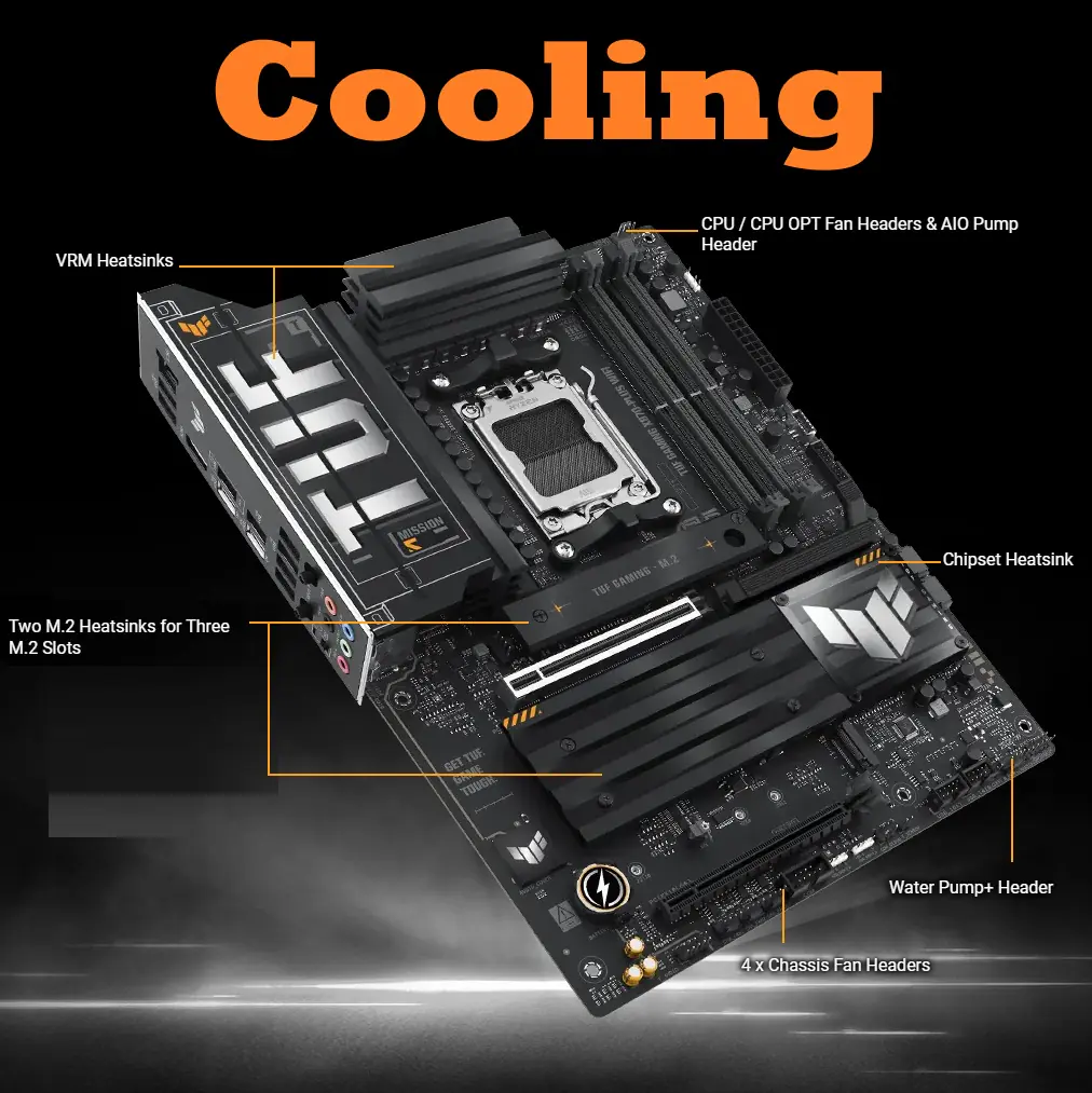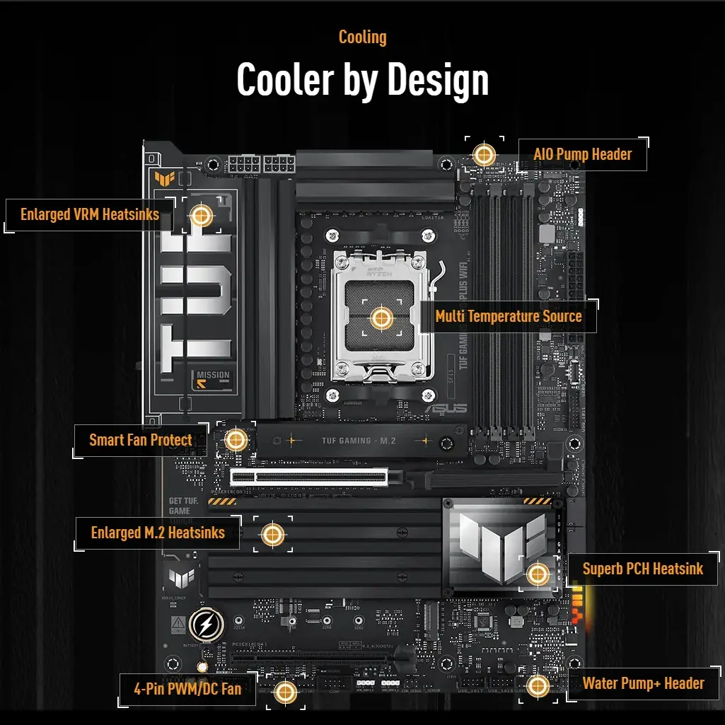 • Latest M.2 Support: Two onboard PCIe 5.0 M.2 slots and two PCIe 4.0 M.2 slots, with massive M.2 heatsinks
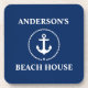 Nautical Beach House Family Name Anchor Navy Blue Coaster
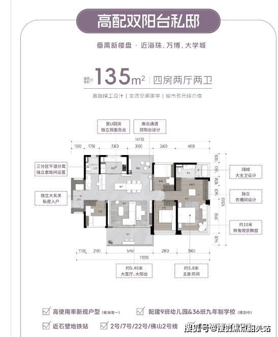 项目地处广州南站约1.4公里处,坐拥“超级枢纽”红利。周边汇聚地铁2号线、7号线、22号线及佛山2号线,其中22号线作为高速地铁,未来可快速直达珠江新城、琶洲、白鹅潭等核心板块;广佛环线东环已通车,3站抵琶洲,6站达珠江新城。此外,项目享有京广、贵广、广深港等5条高铁及多条城际线路,1小时通达大湾区主要城市。为弥补步行距离短板,社区已开通专属楼巴及公交接驳,5–8分钟可达地铁站点。自驾方面,海珠湾隧道(预计2025年底试运营)将进一步缩短至海珠、天河的通勤时间。整体交通网络立体高效,唯需依赖接驳工具,对纯地铁通勤族略有不便。
--------
Retype the listing above exactly, pictures excluded.

 • Latest M.2 Support: Two onboard PCIe 5.0 M.2 slots and two PCIe 4.0 M.2 slots, with massive M.2 heatsinks
 Nautical Beach House Family Name Anchor Navy Blue Coaster
 项目地处广州南站约1.4公里处,坐拥“超级枢纽”红利。周边汇聚地铁2号线、7号线、22号线及佛山2号线,其中22号线作为高速地铁,未来可快速直达珠江新城、琶洲、白鹅潭等核心板块;广佛环线东环已通车,3站抵琶洲,6站达珠江新城。此外,项目享有京广、贵广、广深港等5条高铁及多条城际线路,1小时通达大湾区主要城市。为弥补步行距离短板,社区已开通专属楼巴及公交接驳,5–8分钟可达地铁站点。自驾方面,海珠湾隧道(预计2025年底试运营)将进一步缩短至海珠、天河的通勤时间。整体交通网络立体高效,唯需依赖接驳工具,对纯地铁通勤族略有不便。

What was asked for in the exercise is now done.